El hombre de las hondas profundidades posee la inteligencia sin la potencia, el deseo sin los medios. La revolución industrial le ha enseñado la técnica y le ha dado un mínimo de esparcimientos; pero el triunfo sincrónico del capital y de la burocracia lo ha dejado sin sobretodo. Está escondido tras su escritorio de empleado – Bartleby en Wall Street o Joseph K en su oficina-, se esfuerza con un servilismo lleno de acrimonia, fantasea con mundos supremos y vuelve a la rutina de su casa arrastrando los pies.*
Es un tipo aburrido. Cuarenta años, metro sesenta y siete de estatura, rutina conocida, abultamiento abdominal consolidado. Contador bien plantado. Amó una vez, no volvió a intentarlo. Dócil, excelente desempeño. No causa problemas. Como excentricidad se puede mencionar, quizás, esa empolvada colección de birómenes Bic sin tinta encontradas en la calle que guarda debajo de la cama; más allá de eso uno puede imaginar sin culpas ni dramas que cualquier día sus miembros lo van a abandonar de puro tedio en busca de riesgo y aventura: un ojo lo va a dejar para ver el mar en otro cuerpo, un pie blando va a salir por su cuenta a pisar la tierra desnudo, su lengua va a partir a por sabores exóticos, su piel se va a escapar en busca de otras pieles, y ahí se va a quedar él, amasijo de músculo y hueso, sentado frente a sus libros diarios pasando datos sin inmutarse.

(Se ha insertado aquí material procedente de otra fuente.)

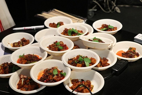 “辣得眼泪直冒,麻得舌尖发颤,香得口水直流,爽得浑身舒畅。”美食PK节目《走南闯北》主持人朱乔娜念着顺口溜,手上端着这盘刚刚做好的四川小吃“伤心凉粉”,而她的对手——另一位节目主持人杜泽睿面前盛好的是热气腾腾的“蒙古奶茶”。一个代表南方特色美食,一个代表北方特色美食,为了赢得这场PK,两位主持人极尽口才,说做法、说味道、说故事,并将美食装盘分发给导师和同学们品尝,一时间班会上气氛盎然。
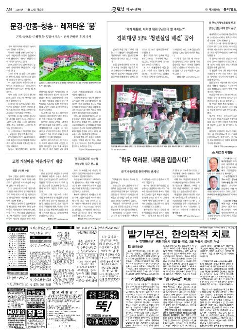 - [대구/경북]문경-안동-청송… 레저타운 ‘붐’

Máximo López, otrora futuro conquistador. Una juventud de grandes anhelos minimizados sistemáticamente. El conformismo de aceptar, razonablemente, los propios límites, que no son más que los dictados por otros, impuestos por necesidades y conveniencias. El proceso de razonar por qué todo lo que se planeaba se fue al carajo. El proceso de olvidar lo que se planeaba, la justificación del cambio de planes, y el mismo proceso de olvido.
Máximo López, contador, siempre vestido de verde pino, pelo abundante, voz queda, sin barba. Tímido: no baila, calla, no conquista. Entrenado en vocabulario reducido: aunque quisiera, aunque de pronto lo sintiera, no sería capaz de expresar su desasosiego con palabras.
Pero ese tipo, que no lo puede nombrar, ¿sentirá desasosiego? ¿Habrá deseado, realmente, otra cosa? ¿Cómo hizo para devenir en ese cuerpo mustio, en ese sexo tibio, en ese discurso medroso, balbuceante? ¿Cómo no se detuvo de pronto y dijo:
Basta?
Mas es cruel, desconsiderado, resumir la vida de un hombre en tan pocas palabras, suponer que todo depende de una elección personal. Es fácil.
Máximo López. Un día te detenés y lo ves de vuelta, frente amplia, pelo en las orejas, separación interdental, labios finos; dócil, excelente desempeño y, de pronto, leve tendencia a sonreír de costado, en flagrante abstracción. E inventás su vida, e inventás que por las noches, acostado sobre sus cajas de birómenes Bic sin tinta y rodeado del trabajo que trajo de la empresa, ese hombre fantasea tímidamente con desorden. Que de a poco imagina, incluso, una hecatombe, un escozor imposible en el cuerpo, una oleada de espíritu beligerante, una pelea sin orden ni concierto, la violencia de la falta de medios, la destrucción de todos los cimientos, el inconformismo y el cansancio y el hastío, la bronca y la desilusión. Que ese hombre hace una rebelión en su cabeza, y se duerme contradictorio y deseoso.
Y eso, inventado, es la tragedia: el deseo, la apertura al cambio personal sin medios, la insatisfacción y la voluntad sin ímpetu. La sensación de sofocación, la aceptación final. Los breves lapsos de bronca; de pronto, un quiebre; la mayoría de las veces, ese silencio impotente, el olvido, la costumbre.
Y entonces es un tipo aburrido. Pero entonces es un tipo vencido. Amputado, miedoso e inmóvil. Evasivo, funcional.
*George Steiner, “El hombre subterráneo o la majestad del absurdo”. En Fedor Dostoievski, Memorias del subsuelo, Buenos Aires, Quadrata, 2004, p.10.